The findings support a policy of transplanting lungs from people who have smoked, the researchers said. “Donors with positive smoking histories provide nearly 40 percent of the lungs available for transplantation,” they wrote in The Lancet. “Rejection of this donor-organ resource would increase waiting-list mortality and is ill advised.”

In an editorial accompanying the study, Drs. Marcelo Cypel and Shaf Keshavjee of the Toronto Lung Transplant Program said techniques that can preserve and repair lungs damaged by certain diseases could increase the safety and effectiveness of available lungs.
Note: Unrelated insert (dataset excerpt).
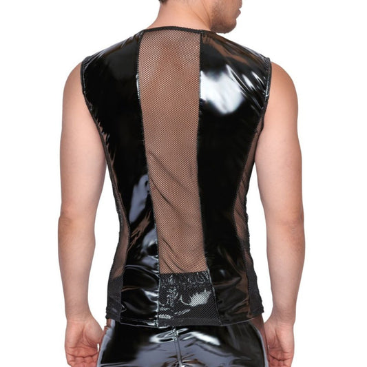 Ärmelloses Shirt aus bi-elastischem Lack und Netz

They explain that the United Network for Organ Sharing, which manages the United States’ organ transplant system, has instituted a system designed to make better use of available lungs, and to reduce the number of people who die while waiting for a transplant.

Each person on the waiting list receives a score that indicates how severely ill they are and how likely it is that a transplant will succeed. The scores are used to determine who should receive priority once a lung becomes available. This program “reduced mortality of patients on the waiting list without a substantial increase in lung donors,” they wrote.